Where the cross reliance between scientific disciplines comes into play is when we look at muscle fibre types. The two main types of muscle fibres are Type I fibres (slow twitch) & Type II (fast twitch) with some intermediate fibres possessing both slow and fast twitch properties. Our Type II fibres are the ones we rely on to generate peak forces at high speeds. A sprinter, for example, would have a high distribution of Type II fibres in his body. On the other hand, our Type I fibres generate lower peak forces; however, they are more efficient and can be recruited for a longer period of time, such as in a Triathlon race. This is where exercise physiologists do their best work. Here they are able to implement training programs for athletes enabling their muscles to contract at faster rates with greater resistance and specifically target the appropriate muscle fibre types most beneficial for that athlete’s success.
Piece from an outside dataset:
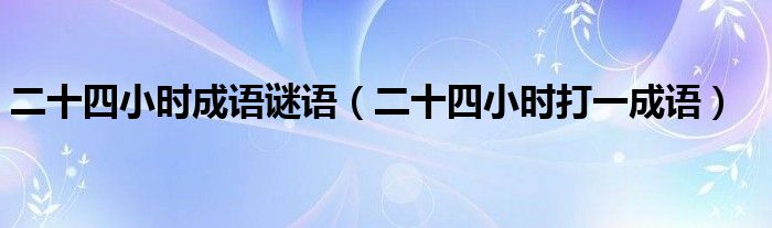 大家好,小晋来为大家解答以下问题,关于二十四小时成语谜语,二十四小时打一成语很多人还不知道,今天让我们一起来看看吧!
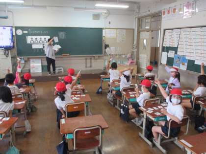 担任が出した数字を見て10になる組み合わせを数字カードの中から見つけるゲームをしました。子どもたちはゲームが進むにつれてどんどん覚えることができていました。これからのたし算につながる大切な学習なので,繰り返し学習していきたいと思います。

To conclude this lengthy discussion, we can reliably say that each area of sport science has its appropriate place but in order to allow athletes to reach their full potential there must be cooperation between disciplines which has the athlete’s best interests at heart. It would be naive to think that one coach specializing in one area is the primary reason for athletic success. Take Lance Armstrong for example. He probably has an exercise physiologist to train his muscular development, a nutritionist to help him eat properly, an engineer who designed his bike, helmet and shoes and a biomechanist to put him in the optimal position on his bike (although I’m sure Chris Carmichael is able to do a majority of that himself!) However you slice it though, if you’re missing one key ingredient while baking a cake you’ll be left with soup. The same can be said for athletes. If they’re missing any key aspect of their training, whether it is physiologically or mechanically, you’re going to have an unprepared athlete!